The price of US oil has turned negative for the first time in history.
That means oil producers are paying buyers to take the commodity off their hands over fears that storage capacity could run out in May.
Demand for oil has all but dried up as lockdowns across the world have kept people inside.
As a result, oil firms have resorted to renting tankers to store the surplus supply and that has forced the price of US oil into negative territory.
The price of a barrel of West Texas Intermediate (WTI), the benchmark for US oil, fell as low as minus $37.63 a barrel.
“This is off-the-charts wacky,” said Stewart Glickman, an energy equity analyst at CFRA Research. “The demand shock was so massive that it’s overwhelmed anything that people could have expected.”

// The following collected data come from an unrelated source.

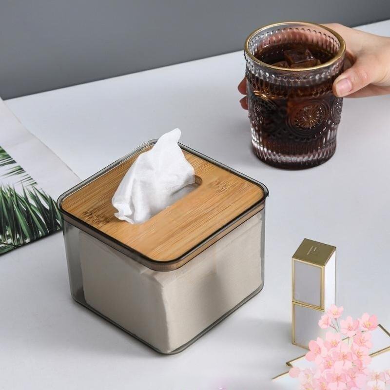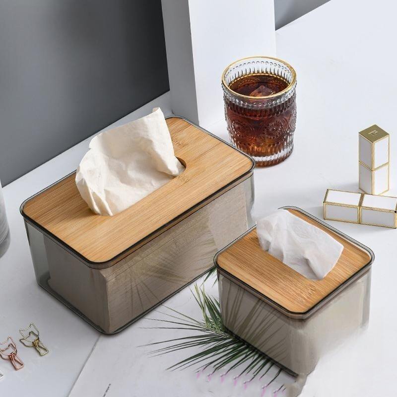 ティッシュケース 北欧 木製 透明 ティッシュカバー 車 竹+PET シンプル デザイン リビング 洗面所 寝室 軽量 縦型 ティッシュ shw0095.2
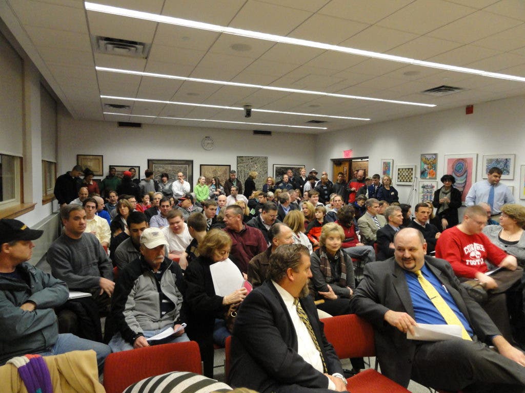 A standing-room-only crowd of well over 100 people packed the Town Council chambers for Monday night's public hearing which lasted well over four hours. Most were there to express strong support for the lights.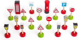 Atklājiet rotaļīgu 18 koka ceļa zīmju komplektu, kas lieliski papildina jebkuru vilcieniņu trasi un pilsētas ainu. Pateicoties izturīgai koka konstrukcijai un skaidriem simboliem, bērni viegli apgūst ceļu satiksmes noteikumus. Komplekts ir saderīgs ar lielāko daļu koka vilcieniņu komplektu tirgū un veicina bērnu iztēli un sīko motoriku. Kvalitatīvs koks, drošs izpildījums un izglītojoša rotaļa vienā.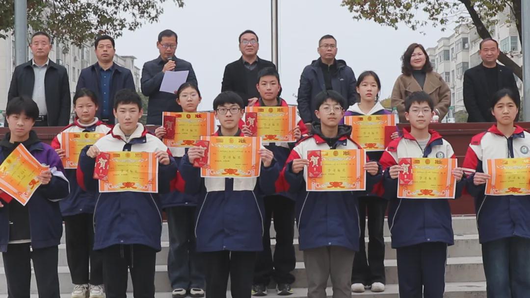 随后,学校领导宣读获奖优秀班干部、三好学生、进步之星名单,并组织颁奖。伴随着热烈的掌声,获奖学子依次登台收获荣誉。一份份荣誉证书,既是对同学们勤学善思、拼搏进取的肯定,也是对全体学子奋勇争先、追求卓越的激励。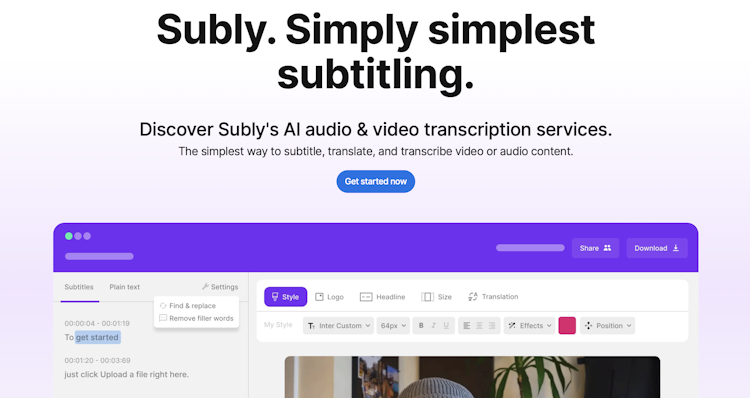 Subly translates content into over 67 languages and makes it accessible to people all over the world. Users can choose from a variety of voices, audio speeds and even choose whether they want subtitles for theirvideos.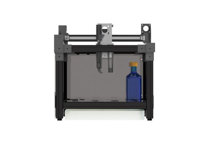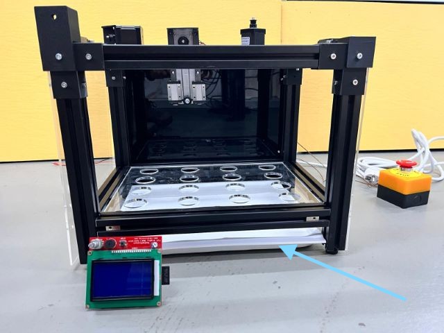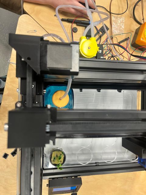 Our watering head is part of an automated system that pumps water from a bottle using a peristaltic pump and delivers it through a tube into the main working area.

The severe drop on Monday was driven in part by a technicality of the global oil market.
il is traded on its future price and May futures contracts are due to expire on Tuesday.
Traders were keen to offload those holdings to avoid having to take delivery of the oil and incur storage costs.
June prices for WTI were also down, but trading at above $20 per barrel.
Meanwhile, Brent Crude – the benchmark used by Europe and the rest of the world, which is already trading based on June contracts – was also weaker, down 8.9% at less than $26 a barrel.
Mr Glickman said the historic reversal in pricing was a reminder of the strains facing the oil market and warned that June prices could also fall, if lockdowns remain in place. “I’m really not optimistic about the prospects for oil companies or oil prices,” he said.
The oil industry has been struggling with both tumbling demand and in-fighting among producers about reducing output.
Earlier this month, Opec members and its allies finally agreed a record deal to slash global output by about 10%. The deal was the largest cut in oil production ever to have been agreed.